Patients are prescribed the following groups of drugs:

  • antiarrhythmics (Flecainide, Amiodarone, Propafenone);
  • calcium antagonists (Diltiazem, Verapamil);
  • adrenergic blockers (, Atenolol);
  • drugs that slow down the heart rate: they are prescribed if other drugs have not helped restore the heart rhythm (Digoxin, Propranolol);
  • diuretics and vitamin complexes can also be used to eliminate arrhythmia;
  • to prevent the possibility of blood clots forming inside the vessels of the heart, anticoagulants are prescribed (Warfarin, Cardiomagnyl), and the blood coagulation system is monitored during the therapeutic course;
  • To improve blood flow in the heart muscle, taking complexes containing potassium and magnesium is indicated.

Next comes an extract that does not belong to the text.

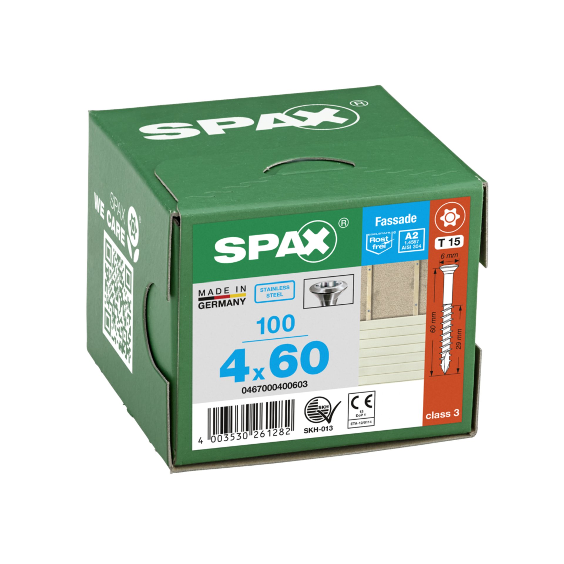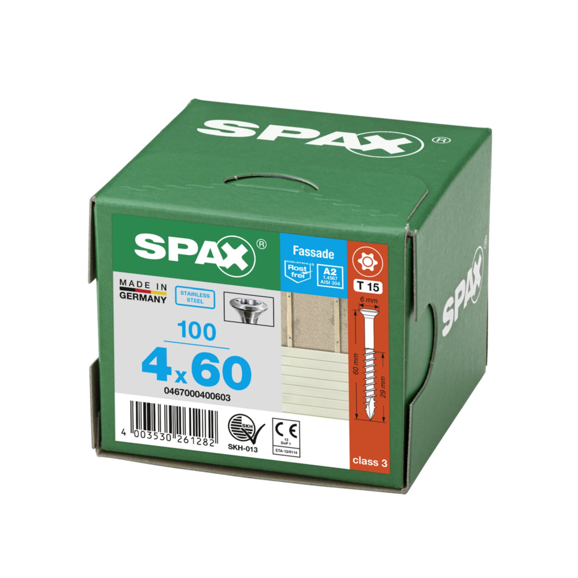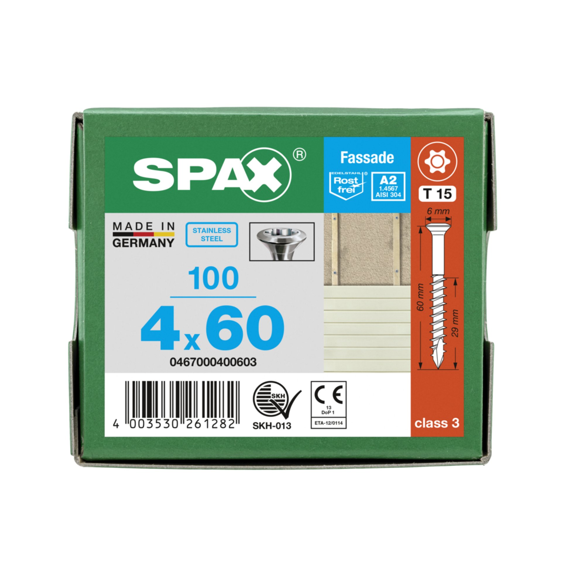 SPAX Fassadenschraube, 4 x 60 mm, 100 Stück, Teilgewinde, Linsensenkkopf extra klein, T-STAR plus T15, CUT-Spitze, Edelstahl rostfrei A2

Restoring heart rhythm cannot be carried out in the presence of certain health indicators. Such contraindications include the following:

  • increase in the size of the left atrium (more than 6 cm);
  • the presence of a blood clot in the cavity of the heart muscle;
  • untreated thyrotoxicosis;
  • age over 65 years;
  • the presence of concomitant types of arrhythmia;
  • side effects from taking antiarrhythmic drugs.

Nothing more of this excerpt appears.